Le Pôle éditions d’Ipsos indique que 2.300 exemplaires du livre ont été vendus depuis sa sortie. Un chiffre qualifié de "petit départ" par l’institut. Selon Datalib, qui recense les ventes de livres dans les libraires indépendantes, Le Bal des hypocrites se classe à la 14e place du palmarès des sept derniers jours dans la catégorie Essais et documents. Forcément décevant.
Au siège de Virgin Megastore France, on indique que sur les 800 exemplaires commandés, seuls 116 ont trouvé preneur mardi après-midi. Soit moins de 15% du stock. "L’effet est déjà retombé, les ventes sont en train de stagner, voire de baisser", indique le service communication du grand distributeur, où l’on impute cet échec relatif à l’actualité. "Le non-lieu au bénéfice de Dominique Strauss-Kahn est tombé le même jour que la mise en place du livre en magasin", rappelle-t-on.
Du côté de la Fnac, pas de chiffres, mais on évoque un démarrage "pas catastrophique, mais timide tout de même", surtout "par rapport au battage médiatique". D’autant, précisent les magasins de biens culturels, que le succès de ce genre d’ouvrages, à l’inverse des romans, se jauge souvent à l’aune des ventes des premiers jours.
"Enormément de courriers de lecteur"
Au Diable Vauvert, on relativise ce semi-échec. "Le livre vient de sortir, on ne juge pas en quelques jours", tempère Marion Mazauric, qui s’amuse que sa maison d’édition "soit vraiment observée de près dans cette affaire". Pour l’éditrice, "l’actualité a détourné les lecteurs potentiels du livre.
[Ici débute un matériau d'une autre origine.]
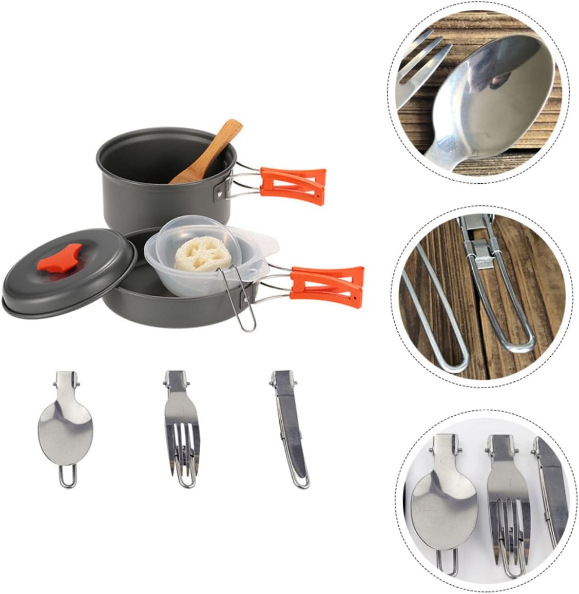Package Include 1 x Cooking Pot 1 x Fry Pan 1 x Soup Spoon 1 x Rice Scoop 1 x Loofah Cleaner 2 x Plastic Bowls 1 x Storage Bag 3 x Tablewares Features -Size(Rice Scoop): About 16.00X7.80X2.00cm/6.29X3.07X0.78in portable camping cookware -Material: Aluminum Alloy picnic tools -Size(Pot): About 14.50X14.50X8.00cm/ 5.70X5.70X3.14in cooking utensil camping kit -Size: 24.50X14.50X8.00cm/9.63X5.70X3.14in camping utensils -Color: Grey, Orange camping cooking essentials -Size(Bowl): About 11.00X4.00cm/ 4.33X1.57in camping kitchenware -Size(Frying Pan): About 15.50X3.50cm/ 6.10X1.38in(Handle: About 10cm/ 3.94in.) camping cooking gear -With all the necessary items in the kitchen, you can easily enjoy cooking outdoors camping tableware. -Suitable for both outdoor and home use, it is not only for camping but also for mountaineering, fishing and barbecue camping cooking equipment. -It's easy to clean, using these, it can give you a wonderful camping experience camping utensil. -Adopted superior and , it will serve you camping utensils metal. -The cookware forms simple and convenient save space and facilitate carrying out camp cooking utensils.Goods Descriptioncooking utensil camping kit Easy to store and use and outdoors.camping utensil Suitable for camping, backpacking, picnics and other outdoor activities.outdoor cookware This item is an outdoor tableware kit, adoption of , durable and strong.camping cookware It is a time-saving cooking toolkit

Comme la presse est très présente, on a l’impression que Tristane Banon a beaucoup parlé, alors qu’elle ne s’est finalement que très peu exprimée."
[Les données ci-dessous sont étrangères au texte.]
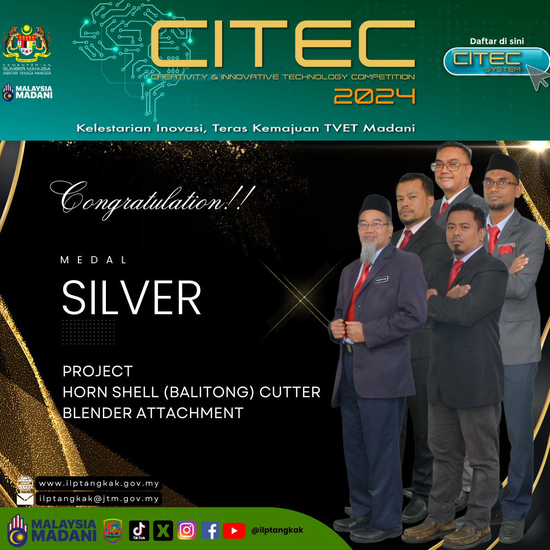 Silver Medal - Project Horn Shell (Balitong) Cutter Blender Attachment | Creativity & Innovative Technology Competition (Citec) 2024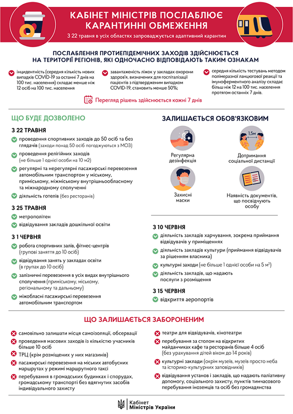 «С сегодняшнего дня Украина переходит к адаптивной модели карантина. В то же время правительство ослабляет общенациональные ограничительные меры, но они будут действовать только в тех регионах, где позволяет эпидемическая ситуация», — написал он.

Et puis, affirme Marion Mazauric, les retours sont excellents. "On a énormément de courriers de lecteur, plus de cinq lettres par jour", assure-t-elle. "Ce sont des lecteurs d’un peu partout, qui nous expriment leur soutien, voire des femmes qui ont été abusées sexuellement et qui nous remercient", précise l’éditrice.
Une éditrice qui continue de défendre le livre avec ferveur. "Evidemment, il y a un risque de retours d'invendus, mais on a confiance, car c’est un livre très, très fort, très beau, bouleversant", affirme encore Marion Mazauric. "On comprend tout, on comprend pourquoi Tristane Banon ne voulait pas parler, on comprend finalement pourquoi elle y est allé en craignant ce qui est arrivé. On voit ce que c’est que d’être victime d’une violence sexuelle, et d’être clouée au pilori médiatique. Etre une partie de l’affaire DSK, ce n’est pas un cadeau", soupire l’éditrice, qui conclut : "Quand on l’a lu, on se dit : 'c’est un bouquin qui va rester'."